The diagnostic performance of 13 potential methylation markers, CDKN2A, CDKN2B, TFF1, MGMT, MLH1, DAPK1, SCGB3A1, TFPI2, DACH1, SOX17, CHFR, CDH1, APC that have been reported in ESCC were also evaluated using the same approach in TCGA ESCC dataset (supplementary figure 5). We observed the highest AUC value (0.96 [95%CI: 0.91-0.98]) for DAPK1 methylation, which is comparable to the HOXL-score. The AUC values of CDKN2A and TFF1 were 0.85, which equaled HOXD1 but lower than HOXC10. These results suggested that the two genes and their combination showed great potential for ESCC detection.
The methylation patterns of HOXL subclass homeoboxes in pan-cancers
We observed extensive hypermethylation of HOXL subclass homeobox genes on ESCC and then investigated their methylation patterns on nine other cancer types, including STAD (n=393), COAD/READ (n=379), LIHC (n=374), PAAD (n=183), PRAD (n=495), BRCA (n=778), LUAD (n=456) and LUSC (n=364). Forty (83.33%) and eight genes (16.67%) were found hypermethylated on cancer and normal samples, respectively. HOXD10 showed the highest delta β between normal and tumor samples, with widespread hypermethylated on most cancer types, except for LIHC (Figure 6A). The similarity was observed for HOXD12, HOXD1, and HOXC5 (Supplementary table 9). GSX1 had the smallest standard error (sd) of β values on both cancer and normal samples, indicating its good uniformity across the ten cancer types (Figure 6B). Therefore, we further evaluated the potential utility of GSX1 methylation in detecting pan-cancers. Pan-cancer samples were randomly divided into training and testing sets by 1:1. AUC was 0.89 (95% CI: 0.87-0.91) for training set with a sensitivity and specificity of 84.1% and 85.4% at the optimal threshold of 0.88. For the testing set, the AUC was 0.88 (95% CI: 0.86-0.90), and the sensitivity and specificity were 84.2% and 82.7%, respectively (Figure 6C). In addition, HOXC10 showed the highest methylation levels on ESCC than other cancer types and normal samples (Figure 6D), suggesting that it could be used as a marker specifical for ESCC.
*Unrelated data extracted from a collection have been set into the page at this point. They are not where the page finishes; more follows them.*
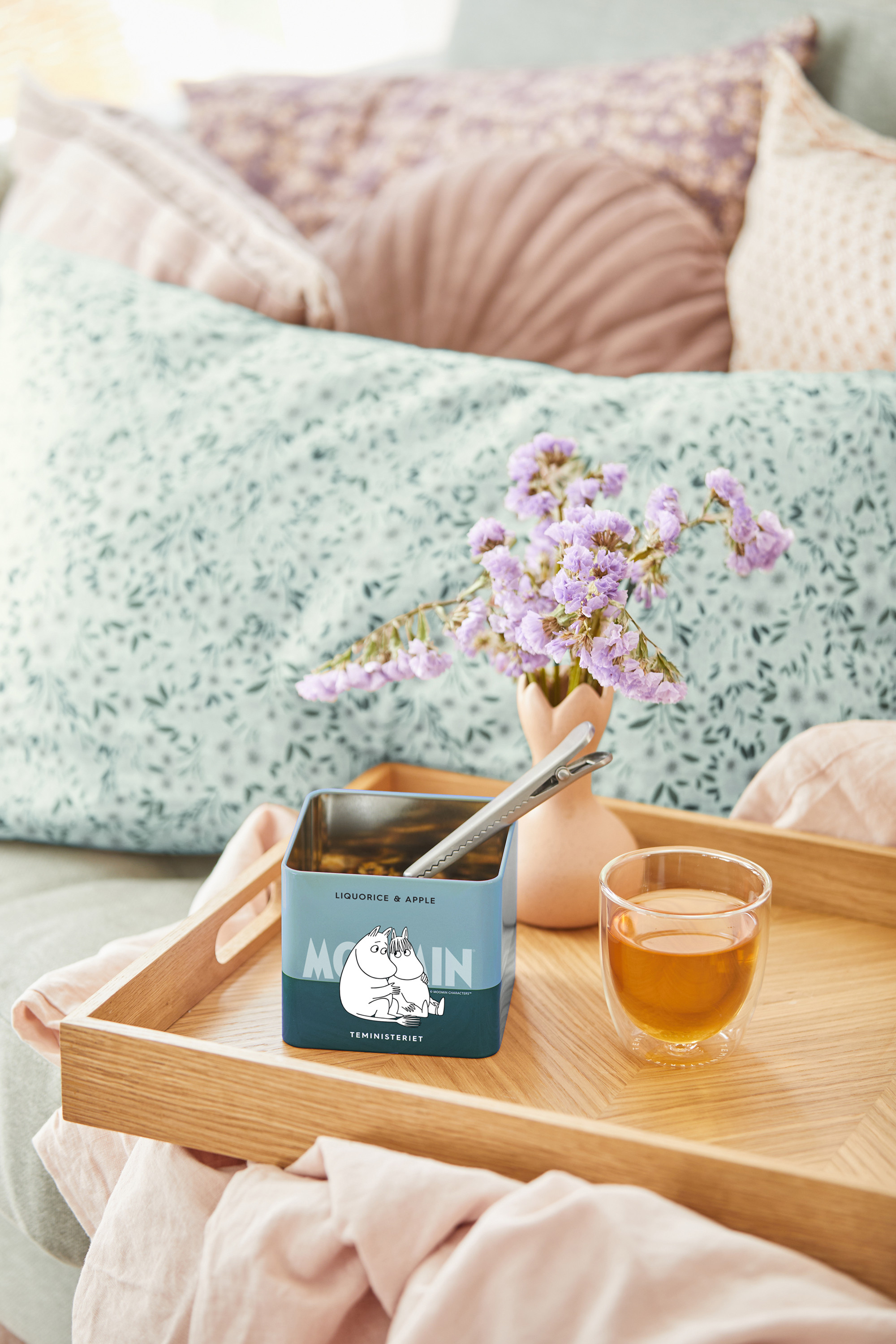 Den andra nyheten, MOOMIN LIQUORICE & APPLE, är ett förtjusande tillskott till Moomin-kollektionen och visar Snorkfröken och Moomin tillsammans i en romantisk och charmerande illustration. Med sin fruktiga smak och vänliga design passar teet perfekt för dagligt bruk och som en del av samlingen.
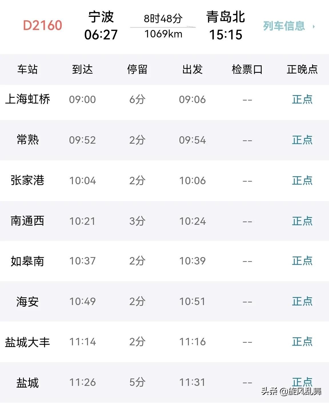 新增宁波开往青岛北D2160次动车,停靠南通西(10:21~10:24)、如皋南、海安。
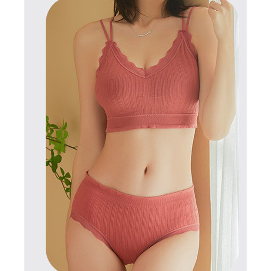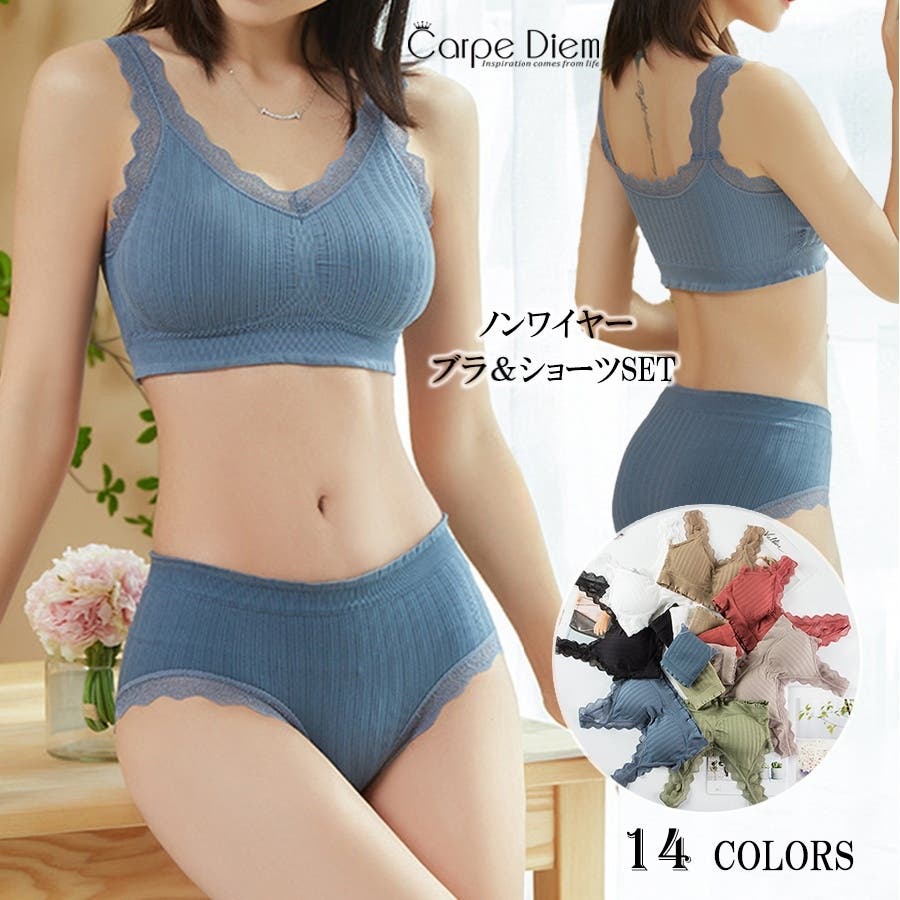 ノンワイヤー ブラジャー ブラ&ショーツセット
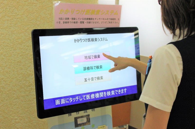 また逆紹介が容易になるよう、玄関ホールに、タッチパネル式のかかりつけ医検索システム「どこだ兵衛」を設置しました。かかりつけの先生が当院の医療連携機関に登録されると、「どこだ兵衛」に情報が掲載されます。患者さんは「地域」、「診療科」、「50音順」のいずれかでかかりつけ医の先生を検索し、情報を確認できます。表示情報は、クリニック名、医師名と診療科、診療時間や休診日、住所や連絡手段などです。タッチパネル上の「印刷ボタン」を押せば、A4用紙に印刷され、患者さんは持ち帰ることが可能です。
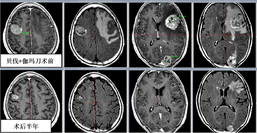 2、伽玛刀联合贝伐珠单抗治疗多发巨大脑转移瘤。经5年使用观察,该方法在提高病灶局控率、延长患者生存期的同时快速、显著降低了神经功能的损害,提高患者生存质量,为多发巨大脑转移瘤临床治疗的新思路。2019年神经外科分会肿瘤学组会议上我们分享此经验。
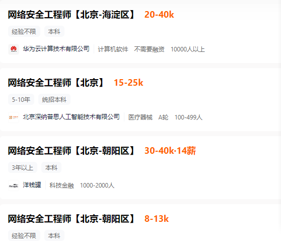 據某招聘平臺數據顯示,應屆畢業(yè)生平均起薪都在萬(wàn)元以上,尤其是一線(xiàn)、新一線(xiàn)城市,具備扎實(shí)技術(shù)的本科生起薪普遍在12000-18000元/月,擁有3-5年工作經(jīng)驗的高級安全工程師或者專(zhuān)家,年薪30-70萬(wàn)已成常態(tài),頂尖人才薪資則更高。

Validation of the methylation status of HOXD1 and GSX1 by sequencing
Among all collected samples, amplification products of HOXD1 were obtained from 4 normal samples, 19 ESCC tissues and 19 blood samples. For GSX1, products were obtained from 14 normal samples, 19 cancerous tissues and 19 blood samples. The results of Sanger sequencing indicated that methylation events of the target regions on both genes occurred more frequently on ESCC samples (Table 4). For all CpG sites, the methylation frequency on ESCC samples was significantly higher than that on normal samples (Supplementary table 10). Sanger sequencing was also conducted for 13 cfDNA samples collected from ESCC patients’ plasma. In the 13 cfDNA samples, we observed that 90.77% (118/130) of HOXD1 CpG sites were methylated, and 92.31% (108/117) of GSX1 CpG sites were methylated (Figure 7A&B, Table 4). The methylation ratios of cfDNA samples were a little lower than tissue samples (99.47% for HOXD1 and 99.42% for GSX1), which might be attributed to the low cfDNA amount in plasma resulting in failed detection. Besides, we observed lower methylation levels of HOXD1 than GSX1 on normal samples in TCGA dataset, which was also revealed by the sequencing results that fewer methylation events occurred on normal samples for HOXD1 than GSX1 (Figure 7A&B).
Discussions
Abnormal DNA methylation is the most common epigenetic variation in human diseases and has been observed in various cancer types, including esophageal cancer. Therefore, further investigations of DNA methylation will facilitate understanding its role in tumor formation and developing more effective methylation-based biomarkers for cancer early detection. This study identified more than 40,000 differentially methylated CpG sites between ESCC and paired normal samples using WGBS data. A sliding window method was adopted to determine the differentially methylated regions and differentially methylated genes involved in various biological processes. We further observed the frequent hypermethylation of HOXL subclass homeoboxes genes on ESCC, and the subsequent studies suggested their potential utility in discriminating ESCC and nine other cancer types from normal samples.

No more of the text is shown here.